Hi mmdet maintainers,
Thanks for the repo. We are the project lead of Kornia, and thinking of the possibilities of integrating Kornia augmentation pipeline into mmdet.
From the feature-level, we can provide:
- GPU/CPU/TPU-based batch data augmentation.
- More augmentation options, like PatchSequential.
- Pytorch-native deployable image processing using torch.jit / onnx.
- Differentiability, which has already been adopted in applications like in GANs.

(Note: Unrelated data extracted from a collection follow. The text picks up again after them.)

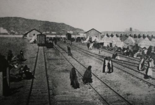 Medine tren istasyonunda bekleyen hacılar - 1909
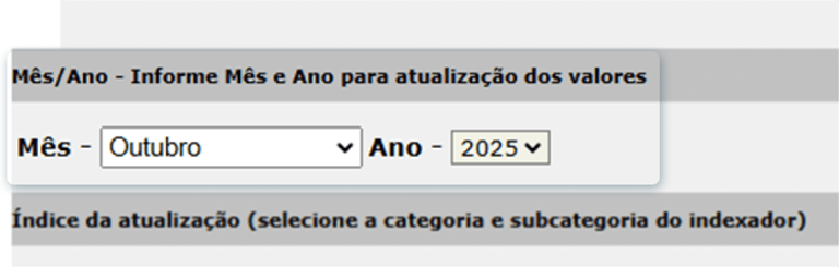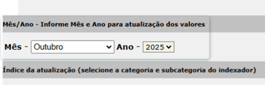 3º Passo: Altere para o mês vigente que deseja atualizar. (No exemplo, utilizaremos o mês de outubro de 2025).
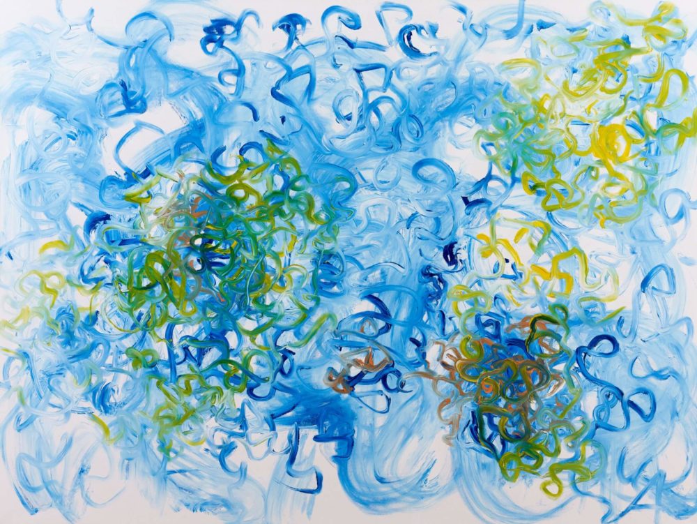 Für Wandering in Absolute Freedom entfernt sich Chunqing Huang geistig aus ihrer räumlichen Realität, taucht gedanklich tief in die Natur ein und bringt diese Eindrücke als dynamische, nun vollkommen abstrakte Kraftfelder auf die Leinwand: Da schwirren zum Beispiel blaue, zum Teil mit anderen Tönen durchsetzte Farbbündel From Ocean to Sky und verdichten oder verknäulen sich an der Bildoberfläche, während sie Von Form zu Form leicht und gelöst vor gelbem Grund tanzen. Huangs Innere Stimmung zeigt sich in temperamentvollem Lineament mit schriftartigen Zügen sowie in Kompositionen aus kürzeren, kurvigen Pinselgesten, die mal ineinanderzugreifen und mal miteinander zu kämpfen scheinen.
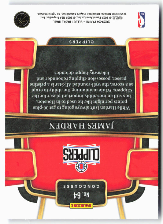This is a nice example of a 2023-24 Panini Select #64 James Harden Blue (Retail Base) Other important information about this card:In 2023 James Harden played for the Los Angeles...
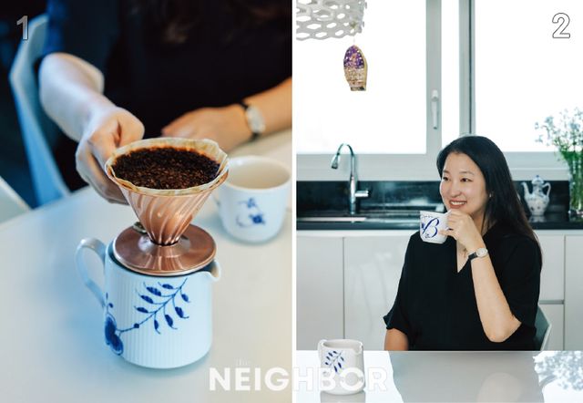 1 매일 아침 커피를 내리는 블루 메가 모던 저그와 황동 드리퍼. 2 자신의 이니셜인 B가 새겨진 머그를 든 정보연 작가.
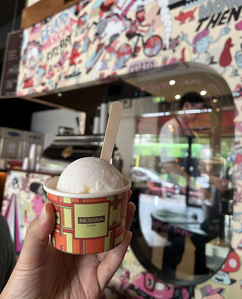 The nearest Gelato Messina for us was in Fitzroy, which was about a 20 minute ride away. We walked a fair bit from the Rose Street Artist Market to visit this celebrated shop. It was top in terms of variety – with 40 unique flavours and also coffee and milkshakes. The staff were friendly and gave us testers. They also have seasonal flavours.
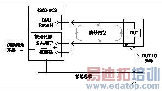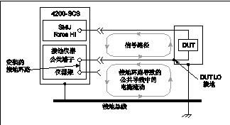 图17. 污染和湿度造成的电流 为避免污染和湿度的影响,请选择防吸水的绝缘体,并将湿度保持在适当水平(理想<50%)。此外,请使测试系统中的全部组件和测试夹具保持清洁,避免污染。 接地环路接地环路会产生杂散信号,可能是直流偏移或交流信号(通常为工频或工频的整数倍)。接地环路时由于测试电路中多处接地造成的。当大量仪器插入至不同仪器架上的电源接线板时,就会形成典型的接地环路。接地点之间的电势往往存在微小差异,由此就会产生大电流循环,从而形成意料之外的电压降。 图18中所示的配置就是一个接地环路,是因为将4200信号公共端子(Force LO)和DUT LO均连接至地形成的。环路中的大接地电流通过的是小电阻,无论是导体还是在连接点。该小电阻产生的压降会影响性能。为避免接地环路,测试系统应单点接地。如果不能消除DUT的地,那么4200的GNDU COMMON端子和机箱地之间的接地链路应断开,如图19所示。
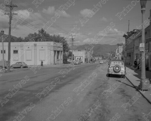 Scope & Content: Item consists of the 100 and 200 Blocks of 3rd Avenue West including the Government Liquor Store, Fraser & Payne, Totem Theatre, cars on the street and a pedestrian. Handwritten annotation on recto of copy 2 reads: "100-200 Blks - 3rd. Ave. W. Govt. Liquor Store. 1951." Stamped annotation on verso of copy 2 reads: "Photo by Jack Wrathall Prince Rupert, B. C."
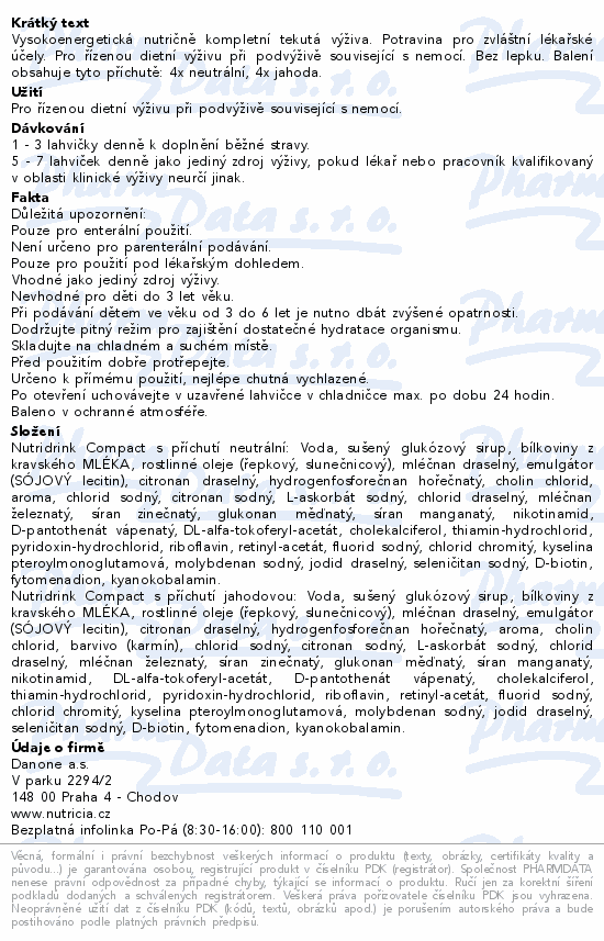 Nutridrink Compact je vysokoenergetická nutričně kompletní tekutá výživa....
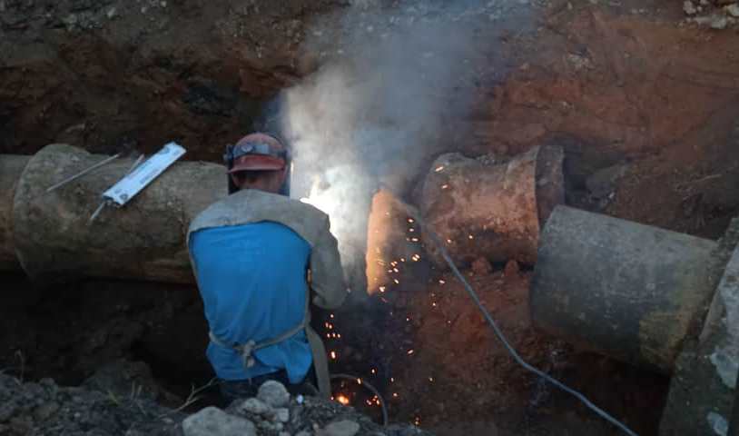 (Prensa MinAguas/Hidrocapital 08-06-2022).- Personal del Acueducto Altos Mirandinos de Hidrocapital, ente adscrito al Ministerio del Poder Popular de Atención de las Aguas, atendió una avería en la aducción principal de agua potable que suministra el vital líquido a la parroquia San Pedro y a parte de la ciudad de Los Teques, municipio Guaicaipuro del estado Miranda, luego de que esta tubería de 20″ sufrió una rotura en uno de sus codos.
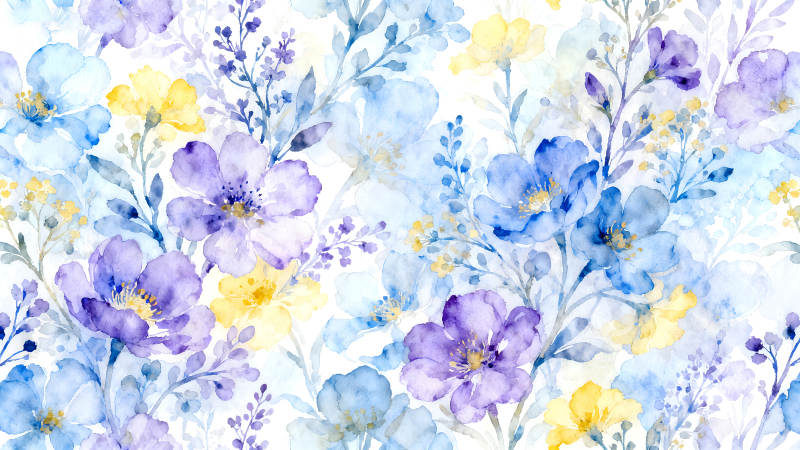 水彩花卉图案蓝色紫色黄色组合
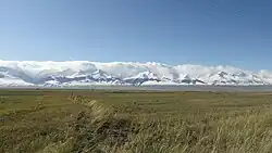The At-Bashy Range (Kyrgyz: Ат-Башы тоо кыркасы) is a mountain range in the south part of the internal Tien-Shan. The range is located in At-Bashy District of the Naryn Region in Kyrgyzstan. The length of the range is 140 km (87 mi) and the width of the range is 30 km (19 mi). The highest parts of the At-Bashy Range, with elevations of more than 4,500 m (14,800 ft), are in its middle part while lower elevated parts, below 4,000 m (13,000 ft), are in the west and in the east. The average height is around 4,280 m (14,040 ft) with the highest point of 4,786 m (15,702 ft).[1]

Motivation: mmdet data pipeline happened outside the PyTorch computation graph and computed on CPUs in a image-by-image manner, which might increase the deployment difficulties and time legacy whilst processing large batches. With Kornia, it is much easier to include test time image processing pipelines into the model whilst export and deployment. Also, the image preprocessing could enjoy the GPU accerlations provided by PyTorch.
Our proposal:
- As demonstrated above, our whole pipeline happens differently than common CPU-based augmentations. Thus, we probably need to introduce a
batch_pipeline
module for such operations. Commonly:
kornia_aug = ...
for image, label in dataloaders:
image = kornia_aug(image)
logits = model(image)
The user interface shall be like:
model = dict(
preprocessing=dict(
dict(type="RandomHorizontalFlip", p=0.5),
dict(type="ColorJitter", hue=0.1, saturation=0.3),
),
backbone=dict(
depth=101,
init_cfg=dict(
type='Pretrained',
checkpoint='open-mmlab://detectron2/resnet101_caffe')))
- we might include the test-time data processing into the exported model as well.